Mic100 (author)2014-05-26

2 DS PIC it well move and interact,

i made a mini robot based on an ATtiny13 is already moving and not bad for a tiny

https://www.instructables.com/id/Mini-2-wheel-robot-with-IR-sensor-weight-14gr-and-/

gycka (author)Mic1002014-05-26

Looks nice! You should check this robot controller:

http://www.pololu.com/product/1220/

Mic100 (author)gycka2014-05-29

Good for France the distributor is Lextronic

Mic100 (author)gycka2014-05-29

Thank you for the link, I'll find out if the book in France :)

Interesting but wont you only be able to tell relative distnace since the intensity of reflected light will be inconsistant between objects? Very cool though!

I am not sure if there is a relationship between distance and intensity of reflected light(I am not sure if you can derive a math formula). I used specific sensor values in my code - if the distance is between 300 and 400 that means there is a wall or vice versa.

achand8 (author)2014-05-27

Thats a nicely built bot! Awesome! Why do you need two microcontrollers? Which tyres and motors are you using? Regarding the IR sensor. Since an IR led works at 1.5 v, you could have put 3 in series and put a current limited resistor, it's more efficient than a resistor for each led. But it wont make much of a difference! BTW whats the middle PCB for?

gycka (author)achand82014-05-28

Thanks! Well, I have 2 microcontrollers (dsPIC30F4011) because one can read only 1 motor encoder data. I couldn't use different microcontroller which could do 2 motors at the same time, because of learning purposes (communication between microcontrollers etc.).
Wheels are 3D printed(40mm diameter) and I don't know what type tires are because it was provided by my university.
As I have mentioned below, I used Faulhaber DC motors. Datasheet(I am using 6V motors, 33:1 gearbox): http://www.micromo.com/micromo/DC-ENCODERS/2619_S... .
Finally, middle PCB is motor control (H-bridge), I made my micromouse in steps, so in order to avoid mistakes I split my electronics in 2 main pieces - 'motherboard' and 'motor board'.

artaex (author)2014-05-27

Wouldn't TV remotes interfere with the distance detection since they emit IR light too?

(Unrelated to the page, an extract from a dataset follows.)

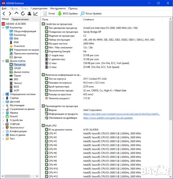 2. Процесор - Intel Е5-2689- 8 ядра/ 16 нишки на 2,6 GHZ, 3,6 GHz turbo, 8 GT/s QPI (4000 MHz), 5 GT/s DMI,

Wragie (author)artaex2014-05-27

TV remotes and most IR devices use codes to discriminate from natural or man made interference. As an example it has to eliminate the single largest and most powerful source aka the sun, or eliminate any 60 or 50hz signals from light bulbs or other light sources. Having typed that I can't think of an example string to show you but they are pretty distinct and not found in nature, and the receiver has to get the correct code before it follows the command. You can find some of this on the data sheets for ir led transmitters.

fixfireleo (author)2014-05-27

wow, dude! awesome! now, can it cook and clean? does it matter if i feed it after dark? :P

Mic100 (author)2014-05-25

good job :=)

what microcontroler are you used for the robot

gycka (author)Mic1002014-05-25

Thanks! I had to use 2 dsPIC30F4011 - one microcontroller can read only 1 motor encoder data, and I wasn't allowed to use different microcontroller.

ASCAS (author)2014-05-25

Nice work! BTW, what motor are you using?

gycka (author)ASCAS2014-05-25

Thank you, Faulhaber DC motors were supplied by university. Datasheet(I am using 6V motors, 33:1 gearbox): http://www.micromo.com/micromo/DC-ENCODERS/2619_SR_IE2-16DFF.pdf

repkid (author)2014-05-25

Noooooooo, please don't butcher LEGO.